That is a performance improvement of more than 20% by using exactely the same data !!

That does not mean it always performs better than the standard data format; here is a Google Colab [example](https://colab.research.google.com/drive/1oEnsZ37FW266zdRK2Qa7del0T0ly-xKy) where this method performs poorly because of a lack of data. Here is works okay, [colab](https://colab.research.google.com/drive/1IcTYWvHCAGbNLYJbHSIRHmYZrH2X07UF).  

## Reasons

There are many reasons for transformation. In practice, a transformation often works, serendipitously, to do several of these at once, particularly to reduce skewness, to produce nearly equal spreads and to produce a nearly linear or additive relationship. But this is not guaranteed.

1. **Convenience**:

A transformed scale may be as natural as the original scale and more convenient for a specific purpose (e.g.  percentages rather than original data, sines rather than degrees).

2. **Reducing skewness**:

A transformation may be used to reduce skewness.  A distribution that is symmetric or nearly so is often easier to handle and interpret than a skewed distribution. More specifically, a normal or Gaussian distribution is often regarded as ideal as it is assumed by many statistical methods.To reduce right skewness, take roots or logarithms or reciprocals (roots are weakest). This is the commonest problem in practice. To reduce left skewness, take squares or cubes or higher powers.

3. **Equal spreads**:

A transformation may be used to produce approximately equal spreads, despite marked variations in level, which again makes data easier to handle and interpret. Each data set or subset having about the same spread or variability is a condition called homoscedasticity: its opposite is called heteroscedasticity.  

    

4. **Linear relationships**:

When looking at relationships between variables, it is often far easier to think about patterns that are approximately linear than about patterns that are highly curved. This is vitally important when using linear regression, which amounts to fitting such patterns to data.

    

5. **Additive relationships**

Relationships are often easier to analyse when additive rather than (say) multiplicative. Additivity is a vital issue in analysis of variance.

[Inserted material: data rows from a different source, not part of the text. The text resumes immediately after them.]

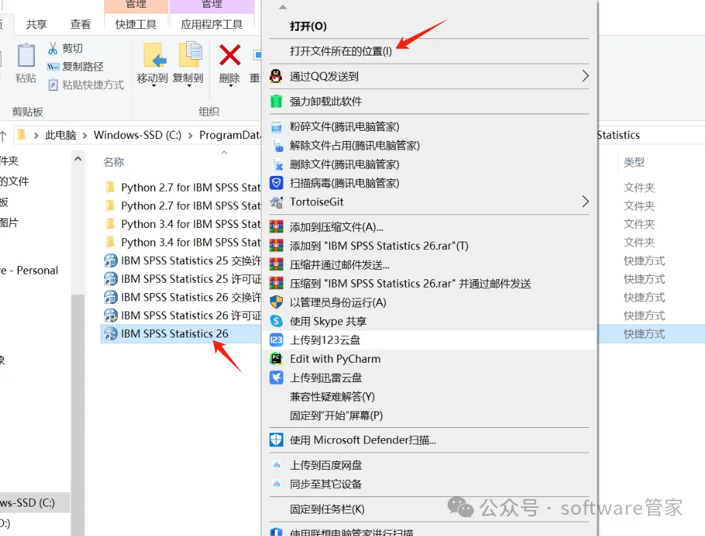 17. (此处若是快捷方式所在文件夹)找到“IBM SPSS Statistics 25”选中,右键选择“打开文件所在的位置”
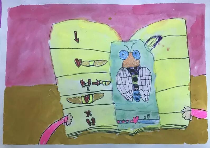 点评:今天的主题是蝉美美小朋友的蝉变成了书签上面的图案,现在被夹在了一本书里面,一个小朋友正拿着这本书,表现了拿书的动态!蝉身上用了点线面进行装饰,整幅画面色调非常小清新,具有装饰性色彩!
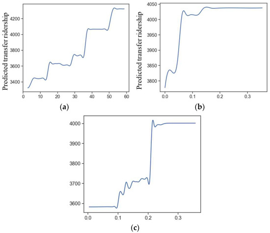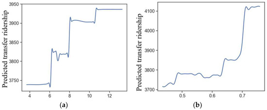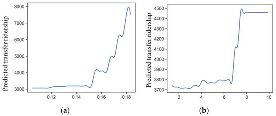 Figure 4b shows the significant nonlinear relationship between the average transfer distance and bus–metro-transfer ridership. Transfer ridership presents a higher value, when the average transfer distance is between 0.15 km and 0.18 km. This implies that the transfer distance within the range has a high attraction for travelers, to travel with the bus–metro combination. When the average transfer distance exceeds 0.18 km, the transfer distance has a negative impact on the transfer ridership, indicating that too large a transfer distance will reduce the transfer intention of passengers. Similarly, a study [35] explored that the less transfer walking time and waiting time there is, the higher the probability of people choosing combined travel. Research [92] obtained the conclusion that it was better to build new metro stations within 0.55 km, around existing bus stations, and within 0.25 km, of new bus stations, around the existing metro stations.
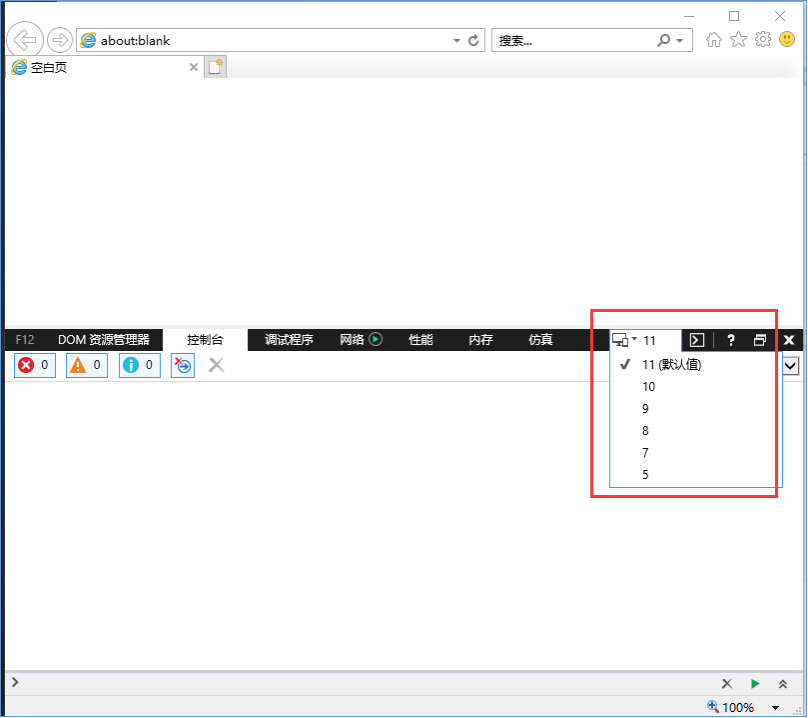 打开IE浏览器,点击“F12”键,会出现浏览器模式设置,要求此处设置的版本必须与浏览器实际版本一致。

## Transformations Implemented

The most useful transformations in introductory data analysis are the

    reciprocal, logarithm, cube root, square root, and square. In what

    follows, even when it is not emphasised, it is supposed that

    transformations are used only over ranges on which they yield (finite)

    real numbers as results.

    Reciprocal

    The reciprocal, x to 1/x, with its sibling the negative reciprocal, x to

    -1/x, is a very strong transformation with a drastic effect on

    distribution shape. It can not be applied to zero values.  Although it

    can be applied to negative values, it is not useful unless all values are

    positive. The reciprocal of a ratio may often be interpreted as easily as

    the ratio itself: e.g.

        population density (people per unit area) becomes area per person;

        persons per doctor becomes doctors per person;

        rates of erosion become time to erode a unit depth.

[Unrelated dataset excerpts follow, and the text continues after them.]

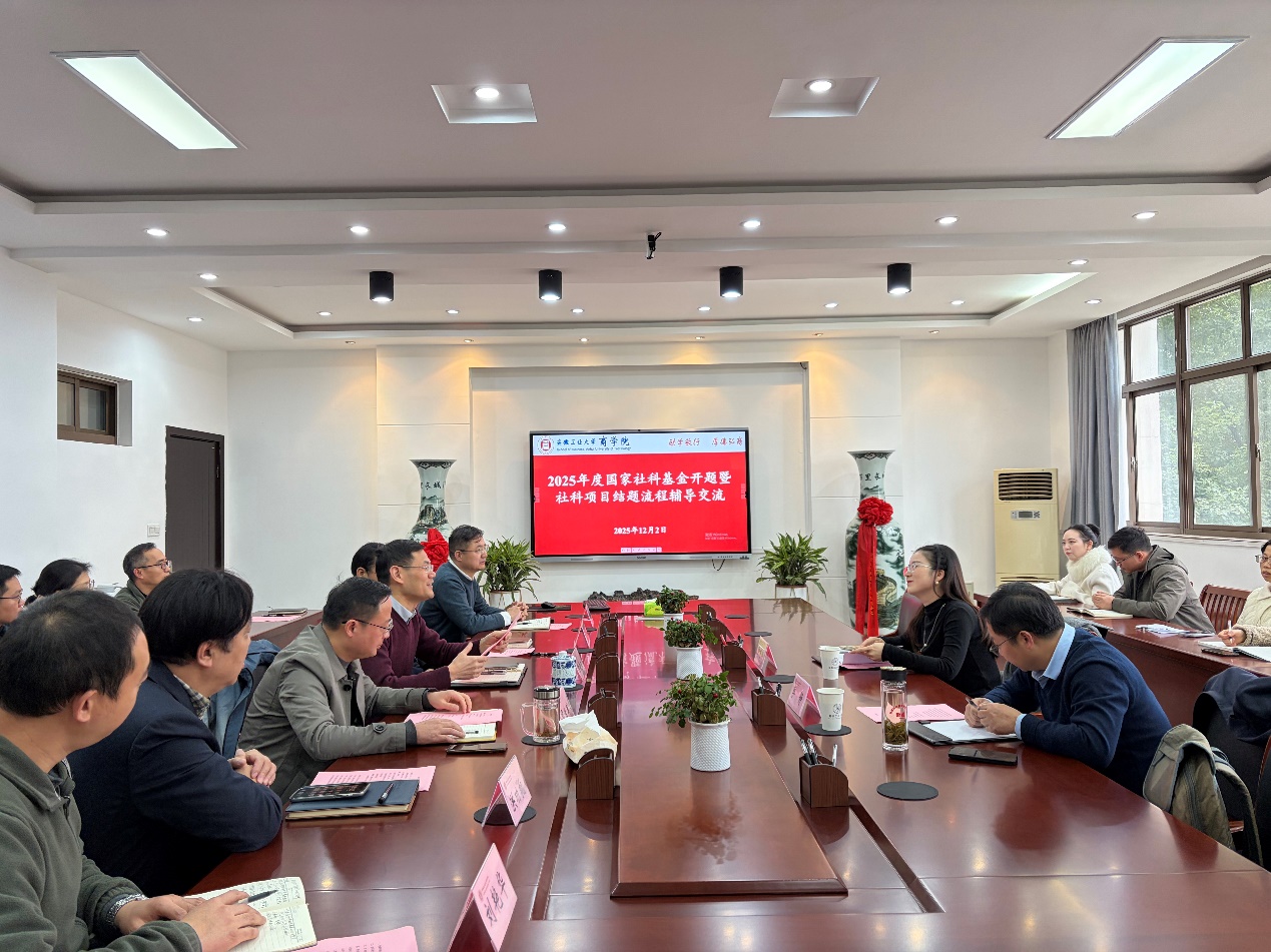 科研处吴金南副处长到会指导。学院领导班子成员、在研国家社科基金和省社科规划项目负责人参会。会议由院长章铁生主持。
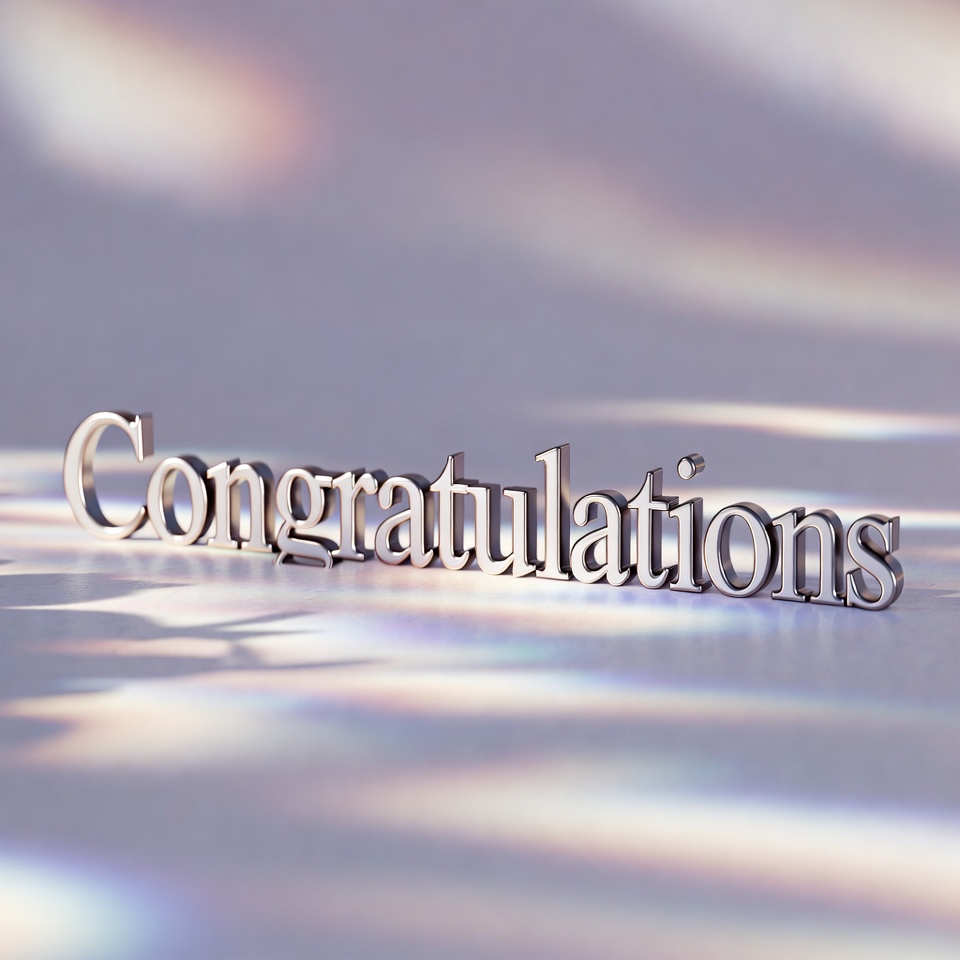 Shiny Congratulations Text on Reflective Surface
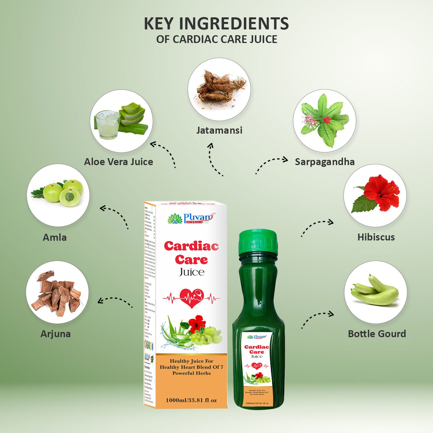 Puvan Herbals Cardiac Care Juice is a 100% natural heart care juice made with powerful Ayurvedic herbs such as Arjuna, Amla, Aloe Vera, Jatamansi, Sarpagandha, Hibiscus, and Lauki.
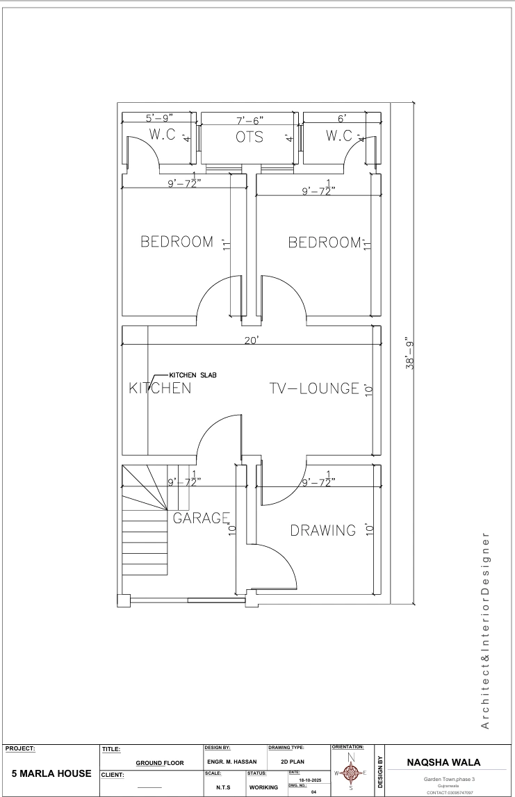 This project represents one of the very first professional architectural works completed by Nakshiwala Islamabad after launching our Islamabad office in Chaklala Scheme-3. It was a special project for us because it marked the beginning of our physical presence in the capital and also set the standard of how we handle technically sensitive and legally important house plan approvals. The client contacted us when they were in the process of transferring ownership of an already-constructed house from the first owner to a new owner. As per Islamabad development authority rules, updated architectural drawings and Naksha approval were mandatory, and that is where Nakshiwala Islamabad stepped in. The house was already built on a 20 feet × 38 feet plot, which falls under a 3 marla category. It was a 3-storey residential house located on Adiala Road, Islamabad, and since it was previously constructed without complete professional documentation, the new owner needed a full architectural, structural, and MEP drawing set to legalize, record, and approve the property. Our task was not to redesign the house, but to recreate the entire building as-built drawings with absolute accuracy so that it could be approved by the relevant authorities. We started by doing a detailed site measurement survey. Every wall, stair, room size, slab level, shaft, and opening was carefully measured. Since even a few inches of mistake can cause rejection during approval, Nakshiwala Islamabad followed a strict technical verification process. The ground floor, first floor, and second floor layouts were all recreated inside professional CAD software, converting the physical structure into precise architectural Naksha drawings. The ground floor plan was drafted showing entrance, circulation, rooms, kitchen, washrooms, stairs, and all wall thicknesses exactly as built. The first floor and second floor were also prepared in the same way, ensuring vertical alignment of walls, columns, and stairs. These floor plans are what you are seeing here, giving a clear understanding of how a 20x38 3-marla 3-storey house is arranged efficiently in a compact Islamabad plot. But our scope did not stop at floor plans. For authority approval, a complete technical drawing set was required, so Nakshiwala Islamabad prepared all of the following: • Architectural drawings • Ground floor, first floor, second floor plans • Front elevation, side elevation, and back elevation • Building sections and wall section cuts • Gate plan and site plan • MEP drawings • Electrical layout • Plumbing system • Sewerage and drainage lines • Structural & reinforcement drawings • Typical slab reinforcement • Staircase details • Beam and wall section details • Structural section cuts All these drawings were produced to meet Islamabad building control requirements so the house could be legally transferred and approved without any complications. A 20x38 feet (3 marla) plot is small, especially when it is developed into a three-storey house, so accuracy becomes extremely important. Any mistake in stairs, slab levels, or wall positions can create structural or approval issues. That is why this project highlights Nakshiwala Islamabad’s strength in as-built documentation and approval drawings, not just new house design. This type of service is very common in Islamabad, Rawalpindi, and Adiala Road areas where many houses are built by local contractors without proper drawings, and later owners need official Naksha sets for bank loans, registry transfer, CDA or RDA approval, and property legalization. Nakshiwala Islamabad provides a complete solution for that. Even though only floor plans are presented here, they are part of a much larger professional documentation set that includes every technical detail of the building. These drawings help homeowners, investors, and authorities clearly understand how the house is constructed, how utilities run, and how the structure is supported. This project proves that Nakshiwala Islamabad does not only design luxury houses, but also handles technical approval-based projects, old house documentation, and legal architectural Naksha preparation with the same level of professionalism. If you own a house in Islamabad, Adiala Road, Chaklala, or nearby areas and need 3 marla house plans, 20x38 house Naksha, or approval drawings for an already built house, Nakshiwala Islamabad can handle the complete process from site measurement to final approved drawing set.

    (In practice, we might want to multiply or divide the results of taking

    the reciprocal by some constant, such as 1000 or 10000, to get numbers

    that are easy to manage, but that itself has no effect on skewness or

    linearity.)

    The reciprocal reverses order among values of the same sign: largest

    becomes smallest, etc. The negative reciprocal preserves order among

    values of the same sign.

    Logarithm

    The logarithm, x to log base 10 of x, or x to log base e of x (ln x), or

    x to log base 2 of x, is a strong transformation with a major effect on

    distribution shape. It is commonly used for reducing right skewness and

    is often appropriate for measured variables. It can not be applied to

    zero or negative values. One unit on a logarithmic scale means a

    multiplication by the base of logarithms being used. Exponential growth

    or decline

        y = a exp(bx)

    is made linear by

        ln y = ln a + bx

    so that the response variable y should be logged. (Here exp() means

    raising to the power e, approximately 2.71828, that is the base of

    natural logarithms.)

    An aside on this exponential growth or decline equation: put x = 0, and

        y = a exp(0) = a,

    so that a is the amount or count when x = 0. If a and b > 0, then y grows

    at a faster and faster rate (e.g. compound interest or unchecked

    population growth), whereas if a > 0 and b < 0, y declines at a slower

    and slower rate (e.g. radioactive decay).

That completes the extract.